**Try it:** Once the pictures are set aside, transcribe each line of the data exactly.

**Given data:**
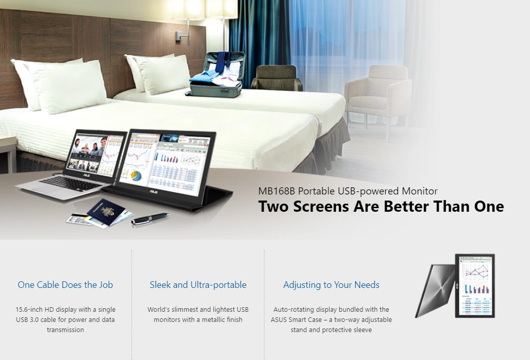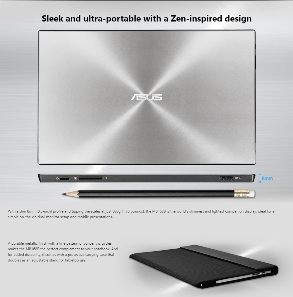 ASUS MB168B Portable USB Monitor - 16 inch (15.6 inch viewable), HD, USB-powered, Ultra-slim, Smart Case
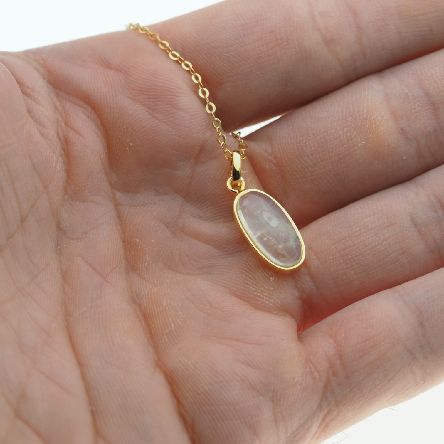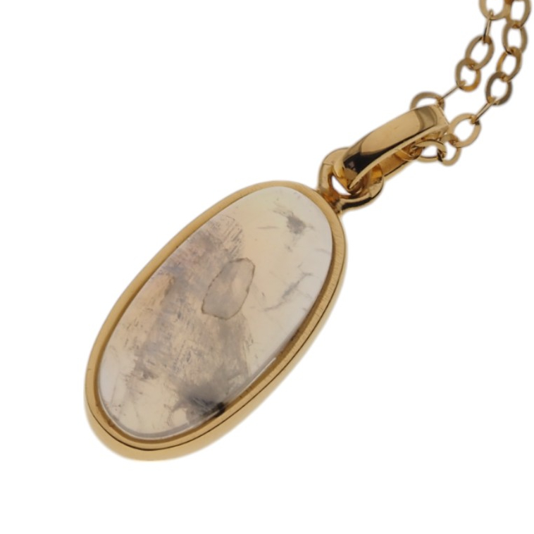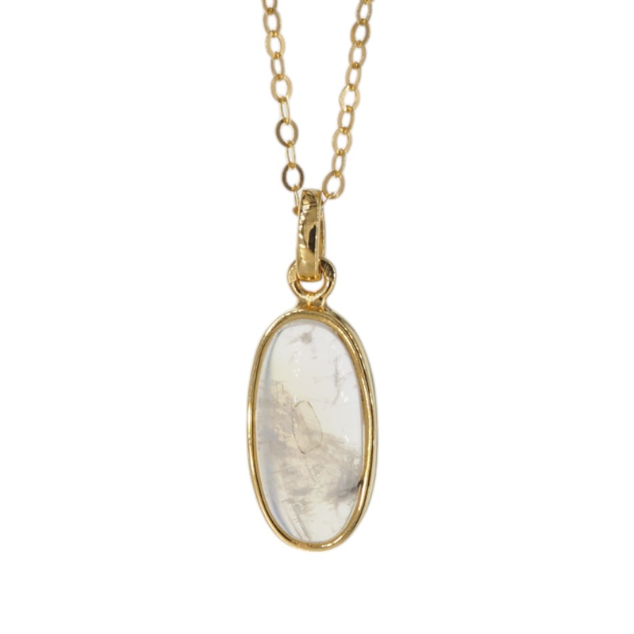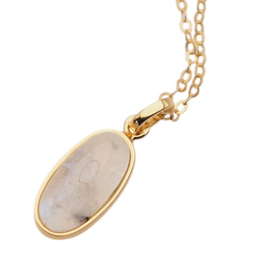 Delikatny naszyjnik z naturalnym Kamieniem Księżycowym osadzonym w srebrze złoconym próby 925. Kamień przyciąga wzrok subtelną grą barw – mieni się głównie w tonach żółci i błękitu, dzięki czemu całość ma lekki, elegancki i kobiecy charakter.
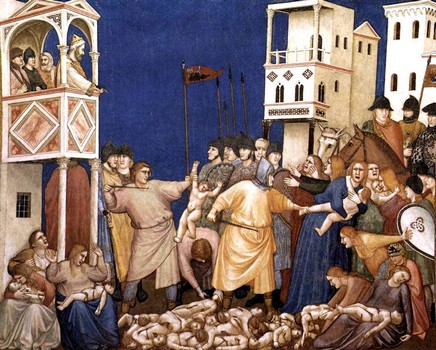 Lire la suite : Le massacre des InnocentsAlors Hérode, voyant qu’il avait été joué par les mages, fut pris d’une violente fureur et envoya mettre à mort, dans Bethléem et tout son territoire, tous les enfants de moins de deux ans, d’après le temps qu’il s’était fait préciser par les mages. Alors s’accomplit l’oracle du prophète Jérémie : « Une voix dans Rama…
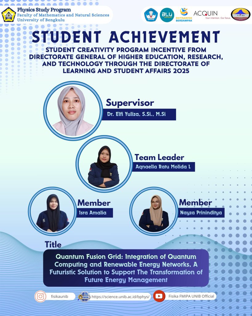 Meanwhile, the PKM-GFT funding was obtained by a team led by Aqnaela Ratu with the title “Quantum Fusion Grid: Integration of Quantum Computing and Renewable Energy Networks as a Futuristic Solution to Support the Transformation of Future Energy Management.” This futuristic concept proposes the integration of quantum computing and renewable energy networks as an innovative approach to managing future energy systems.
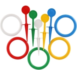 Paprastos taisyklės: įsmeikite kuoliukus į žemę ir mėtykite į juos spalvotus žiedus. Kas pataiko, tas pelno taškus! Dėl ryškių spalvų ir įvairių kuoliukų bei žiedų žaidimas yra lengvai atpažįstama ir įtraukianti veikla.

**Task response:**
 ASUS MB168B Portable USB Monitor - 16 inch (15.6 inch viewable), HD, USB-powered, Ultra-slim, Smart Case
 Delikatny naszyjnik z naturalnym Kamieniem Księżycowym osadzonym w srebrze złoconym próby 925. Kamień przyciąga wzrok subtelną grą barw – mieni się głównie w tonach żółci i błękitu, dzięki czemu całość ma lekki, elegancki i kobiecy charakter.
 Lire la suite : Le massacre des InnocentsAlors Hérode, voyant qu’il avait été joué par les mages, fut pris d’une violente fureur et envoya mettre à mort, dans Bethléem et tout son territoire, tous les enfants de moins de deux ans, d’après le temps qu’il s’était fait préciser par les mages. Alors s’accomplit l’oracle du prophète Jérémie : « Une voix dans Rama…
 Meanwhile, the PKM-GFT funding was obtained by a team led by Aqnaela Ratu with the title “Quantum Fusion Grid: Integration of Quantum Computing and Renewable Energy Networks as a Futuristic Solution to Support the Transformation of Future Energy Management.” This futuristic concept proposes the integration of quantum computing and renewable energy networks as an innovative approach to managing future energy systems.
 Paprastos taisyklės: įsmeikite kuoliukus į žemę ir mėtykite į juos spalvotus žiedus. Kas pataiko, tas pelno taškus! Dėl ryškių spalvų ir įvairių kuoliukų bei žiedų žaidimas yra lengvai atpažįstama ir įtraukianti veikla.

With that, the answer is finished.